→ **What you need to do**: Please give back, word for word, only the lines starting at the one containing "话说,张榕容演的混血杨贵妃,多少人接受是" and ending at the one containing "Taken during Pablo" within the material below.

→ **Available data**:
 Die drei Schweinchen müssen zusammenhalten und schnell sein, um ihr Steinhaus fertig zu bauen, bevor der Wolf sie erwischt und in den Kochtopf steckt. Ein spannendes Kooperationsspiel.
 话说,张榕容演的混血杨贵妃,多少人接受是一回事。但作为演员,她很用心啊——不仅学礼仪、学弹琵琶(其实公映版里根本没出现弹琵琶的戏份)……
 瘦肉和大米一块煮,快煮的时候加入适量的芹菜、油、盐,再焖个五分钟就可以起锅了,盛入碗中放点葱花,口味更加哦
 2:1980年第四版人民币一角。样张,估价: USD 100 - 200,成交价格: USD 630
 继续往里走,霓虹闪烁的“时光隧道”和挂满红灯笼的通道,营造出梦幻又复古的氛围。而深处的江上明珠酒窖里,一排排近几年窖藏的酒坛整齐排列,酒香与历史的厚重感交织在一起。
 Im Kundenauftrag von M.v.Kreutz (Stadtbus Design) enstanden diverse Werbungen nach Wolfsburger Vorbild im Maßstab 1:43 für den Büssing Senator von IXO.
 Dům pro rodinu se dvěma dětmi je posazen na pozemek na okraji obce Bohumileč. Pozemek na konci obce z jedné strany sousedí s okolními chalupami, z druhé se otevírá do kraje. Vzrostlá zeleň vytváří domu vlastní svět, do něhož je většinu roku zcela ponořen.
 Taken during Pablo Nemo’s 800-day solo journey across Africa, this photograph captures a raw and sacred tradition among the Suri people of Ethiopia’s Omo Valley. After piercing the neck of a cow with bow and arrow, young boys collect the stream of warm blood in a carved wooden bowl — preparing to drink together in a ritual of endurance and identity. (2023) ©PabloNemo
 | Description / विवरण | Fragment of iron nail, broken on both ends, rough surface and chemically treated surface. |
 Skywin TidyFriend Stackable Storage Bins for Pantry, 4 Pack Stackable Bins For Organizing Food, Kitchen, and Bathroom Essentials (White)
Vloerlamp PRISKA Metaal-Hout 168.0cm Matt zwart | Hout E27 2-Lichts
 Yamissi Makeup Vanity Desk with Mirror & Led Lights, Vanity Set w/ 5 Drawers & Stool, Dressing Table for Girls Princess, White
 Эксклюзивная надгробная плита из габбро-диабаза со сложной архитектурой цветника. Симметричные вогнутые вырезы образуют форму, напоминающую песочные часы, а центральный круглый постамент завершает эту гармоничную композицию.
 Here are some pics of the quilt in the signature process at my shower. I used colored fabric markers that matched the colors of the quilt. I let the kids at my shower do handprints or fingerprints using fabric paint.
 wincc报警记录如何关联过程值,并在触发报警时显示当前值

→ **The answer**:
 话说,张榕容演的混血杨贵妃,多少人接受是一回事。但作为演员,她很用心啊——不仅学礼仪、学弹琵琶(其实公映版里根本没出现弹琵琶的戏份)……
 瘦肉和大米一块煮,快煮的时候加入适量的芹菜、油、盐,再焖个五分钟就可以起锅了,盛入碗中放点葱花,口味更加哦
 2:1980年第四版人民币一角。样张,估价: USD 100 - 200,成交价格: USD 630
 继续往里走,霓虹闪烁的“时光隧道”和挂满红灯笼的通道,营造出梦幻又复古的氛围。而深处的江上明珠酒窖里,一排排近几年窖藏的酒坛整齐排列,酒香与历史的厚重感交织在一起。
 Im Kundenauftrag von M.v.Kreutz (Stadtbus Design) enstanden diverse Werbungen nach Wolfsburger Vorbild im Maßstab 1:43 für den Büssing Senator von IXO.
 Dům pro rodinu se dvěma dětmi je posazen na pozemek na okraji obce Bohumileč. Pozemek na konci obce z jedné strany sousedí s okolními chalupami, z druhé se otevírá do kraje. Vzrostlá zeleň vytváří domu vlastní svět, do něhož je většinu roku zcela ponořen.
 Taken during Pablo Nemo’s 800-day solo journey across Africa, this photograph captures a raw and sacred tradition among the Suri people of Ethiopia’s Omo Valley. After piercing the neck of a cow with bow and arrow, young boys collect the stream of warm blood in a carved wooden bowl — preparing to drink together in a ritual of endurance and identity. (2023) ©PabloNemo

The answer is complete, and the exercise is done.